*** DATA UNDER STUDY Section Begins ***

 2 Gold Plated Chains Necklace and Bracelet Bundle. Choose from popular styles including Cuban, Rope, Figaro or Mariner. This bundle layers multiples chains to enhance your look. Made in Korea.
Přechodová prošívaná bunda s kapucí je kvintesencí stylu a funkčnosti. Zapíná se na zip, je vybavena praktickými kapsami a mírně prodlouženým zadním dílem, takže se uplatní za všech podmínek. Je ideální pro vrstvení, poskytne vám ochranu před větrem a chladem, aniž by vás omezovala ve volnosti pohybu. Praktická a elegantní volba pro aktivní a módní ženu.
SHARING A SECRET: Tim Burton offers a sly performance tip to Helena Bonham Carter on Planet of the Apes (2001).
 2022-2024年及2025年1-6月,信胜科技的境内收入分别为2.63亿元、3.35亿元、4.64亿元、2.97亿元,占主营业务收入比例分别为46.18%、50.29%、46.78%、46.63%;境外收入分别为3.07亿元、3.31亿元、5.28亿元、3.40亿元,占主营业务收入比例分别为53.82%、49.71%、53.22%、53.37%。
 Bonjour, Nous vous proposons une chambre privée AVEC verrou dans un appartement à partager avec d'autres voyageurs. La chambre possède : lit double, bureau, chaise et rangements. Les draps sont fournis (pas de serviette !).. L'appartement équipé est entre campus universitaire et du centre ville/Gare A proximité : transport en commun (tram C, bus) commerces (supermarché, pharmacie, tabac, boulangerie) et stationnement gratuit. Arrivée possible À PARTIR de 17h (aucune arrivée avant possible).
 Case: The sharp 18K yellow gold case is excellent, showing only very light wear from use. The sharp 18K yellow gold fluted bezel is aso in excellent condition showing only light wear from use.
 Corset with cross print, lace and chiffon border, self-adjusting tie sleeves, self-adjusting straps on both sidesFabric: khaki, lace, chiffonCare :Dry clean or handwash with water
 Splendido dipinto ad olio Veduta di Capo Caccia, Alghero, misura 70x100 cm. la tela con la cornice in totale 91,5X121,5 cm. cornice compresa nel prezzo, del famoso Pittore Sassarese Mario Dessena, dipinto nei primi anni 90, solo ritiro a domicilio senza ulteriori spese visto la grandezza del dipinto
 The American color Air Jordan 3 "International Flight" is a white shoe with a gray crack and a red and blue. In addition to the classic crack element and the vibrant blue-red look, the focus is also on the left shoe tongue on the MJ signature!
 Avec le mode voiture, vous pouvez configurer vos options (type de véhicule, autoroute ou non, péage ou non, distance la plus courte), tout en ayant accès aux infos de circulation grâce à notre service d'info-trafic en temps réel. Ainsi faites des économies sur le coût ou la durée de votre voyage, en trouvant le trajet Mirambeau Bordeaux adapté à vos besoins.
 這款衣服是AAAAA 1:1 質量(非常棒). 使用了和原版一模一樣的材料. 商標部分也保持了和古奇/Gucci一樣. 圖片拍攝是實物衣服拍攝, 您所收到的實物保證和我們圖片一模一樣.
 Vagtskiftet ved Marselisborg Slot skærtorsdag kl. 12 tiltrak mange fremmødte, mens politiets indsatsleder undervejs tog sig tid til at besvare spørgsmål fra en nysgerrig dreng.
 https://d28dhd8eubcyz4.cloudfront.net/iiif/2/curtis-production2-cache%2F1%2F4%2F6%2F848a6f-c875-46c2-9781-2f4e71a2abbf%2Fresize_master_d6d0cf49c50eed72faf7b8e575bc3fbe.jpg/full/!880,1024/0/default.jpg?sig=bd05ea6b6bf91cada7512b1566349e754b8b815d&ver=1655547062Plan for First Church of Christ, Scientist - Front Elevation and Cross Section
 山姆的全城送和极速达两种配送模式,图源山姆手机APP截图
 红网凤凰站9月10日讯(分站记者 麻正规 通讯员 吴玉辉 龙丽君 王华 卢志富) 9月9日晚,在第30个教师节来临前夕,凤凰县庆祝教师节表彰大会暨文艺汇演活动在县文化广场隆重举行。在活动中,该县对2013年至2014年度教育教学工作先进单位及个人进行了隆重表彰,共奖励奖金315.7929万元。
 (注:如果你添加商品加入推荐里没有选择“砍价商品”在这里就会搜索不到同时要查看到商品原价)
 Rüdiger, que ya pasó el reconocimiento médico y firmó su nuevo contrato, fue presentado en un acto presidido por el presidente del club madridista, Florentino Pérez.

*** DATA UNDER STUDY Section Ends ***

**ACTIVITY:** Restate exactly the lines running from the line with "红网凤凰站9月10日讯(分站记者 麻正规 通讯员" to the end of the entries above, both ends included.

**RESPONSE AREA:**
 红网凤凰站9月10日讯(分站记者 麻正规 通讯员 吴玉辉 龙丽君 王华 卢志富) 9月9日晚,在第30个教师节来临前夕,凤凰县庆祝教师节表彰大会暨文艺汇演活动在县文化广场隆重举行。在活动中,该县对2013年至2014年度教育教学工作先进单位及个人进行了隆重表彰,共奖励奖金315.7929万元。
 (注:如果你添加商品加入推荐里没有选择“砍价商品”在这里就会搜索不到同时要查看到商品原价)
 Rüdiger, que ya pasó el reconocimiento médico y firmó su nuevo contrato, fue presentado en un acto presidido por el presidente del club madridista, Florentino Pérez.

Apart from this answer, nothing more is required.